Former Geppetto Catering exec accused of hiding funds from bankruptcy estate in new complaint

The former top executive of one of Greater Washington's largest catering companies allegedly failed to disclose hundreds of thousands of dollars in unauthorized transfers, according to a new complaint.

Former Geppetto Catering exec accused of hiding funds from bankruptcy estate in new complaint

A court-appointed trustee in his Chapter 7 bankruptcy case accuses the former Geppetto Catering Co. executive of hiding hundreds of thousands of dollar through allegedly fraudulent transfer.

Josh Carin abruptly resigned in July 2020 from the former Riverdale Company. He allegedly failed in his documentation to support his bankruptcy petition filed at the U.S. Bankruptcy Court of Greenbelt, Maryland, in April 2021 to disclose transactions from his accounts with Bank of America or Navy Federal Credit Union.

Greenfeld's attorneys allege that Carin, in the complaint filed on April 11, moved money out of the accounts without permission, first to respond to threats from Geppetto’s majority owner, and then in response again during the bankruptcy proceedings.

Carin's representatives could not be reached to comment.

Carin is accused, according to the complaint, of transferring $110 461.92 from an account that he had with his mother Roberta who passed away in October 2019 to an account shared with Moira Geronimo Carin in July 2020. Greenfeld claims in court documents that this was just days after Charles Lenkin and Geppetto's majority owner Charles Lenkin had sent an attorney a letter warning them to pursue Carin over what Lenkin claimed were corporate wrongdoings. This included theft of the company's equipment, resources, and property.
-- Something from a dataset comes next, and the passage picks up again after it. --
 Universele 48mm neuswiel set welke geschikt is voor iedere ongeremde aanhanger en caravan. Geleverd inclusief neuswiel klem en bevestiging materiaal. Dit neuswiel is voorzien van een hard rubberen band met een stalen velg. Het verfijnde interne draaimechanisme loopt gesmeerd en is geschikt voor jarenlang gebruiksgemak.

Lawrence Katz and David Swan, Hirschler Fleischer's attorneys, wrote for Greenfeld: 'The fraudulent transfers were made and received with the intent to delay, hinder or defraud creditors.
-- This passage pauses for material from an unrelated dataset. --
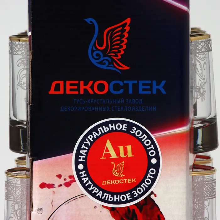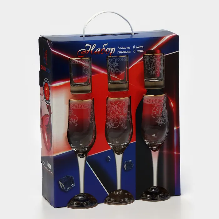 Мягкие и изящные линии рисунка замечательно сочетаются с блеском бокалов и стопок и создают неповторимый эффект. Этот набор станет отличным подарком для тех, кто ценит красоту, изысканность и гармонию во всем. Он также подойдет для оформления свадебного стола или другого торжества.

This is the latest twist in the more complex legal drama between Geppetto and Carin, as well as the Montgomery County Revenue Authority. Geppetto, Lenkin and others have filed a separate suit in the Circuit Court for Montgomery County alleging that Carin's actions caused Geppetto to fail and unfairly enriched MCRA. They claim Carin was hired by MCRA to run a catering business Geppetto had paid for. In its response, the MCRA denied any wrongdoing, and portrayed the authority as an innocent victim of Carin’s actions.

Carin and wife reached a partial settlement with Geppetto & Lenkin in November 2021. They agreed to give Geppetto & Lenkin an unassignable claim for $5.5 million from Carin's bankruptcy. In exchange, they were released from any further litigation.

The settlement did nothing to protect Carin and his wife against the action of the bankruptcy court trustee. On April 11, the trustee filed a four-count bankruptcy complaint in bankruptcy court seeking the return Navy Federal funds. The complaint claims that a number 'badges' of fraud apply to the transfer. These include that the money was transferred to an account controlled Carin and the funds were liquidated 3 years before the security maturity date.

Greenfeld also filed a separate lawsuit the same day, accusing Carin of failing to disclose the Bank of America account that he had jointly owned with his parents until their deaths in March and Oct. 2019, at which point he became sole owner. Carin, according to the complaint, transferred more than $200,000.00 from his account to his siblings after his parents died, but before his bankruptcy case.

The complaint alleges that Carin failed to include information about the transfers on his bankruptcy court papers, or on two transfers that followed, the first for $14,568 going to James Magno the accountant, and the second for $2,000 going to 33 Canal Landing LLC, which Carin controls.

Carin was ordered to return the funds and $18,708, which was the balance of her Bank of America account when the bankruptcy petition was filed.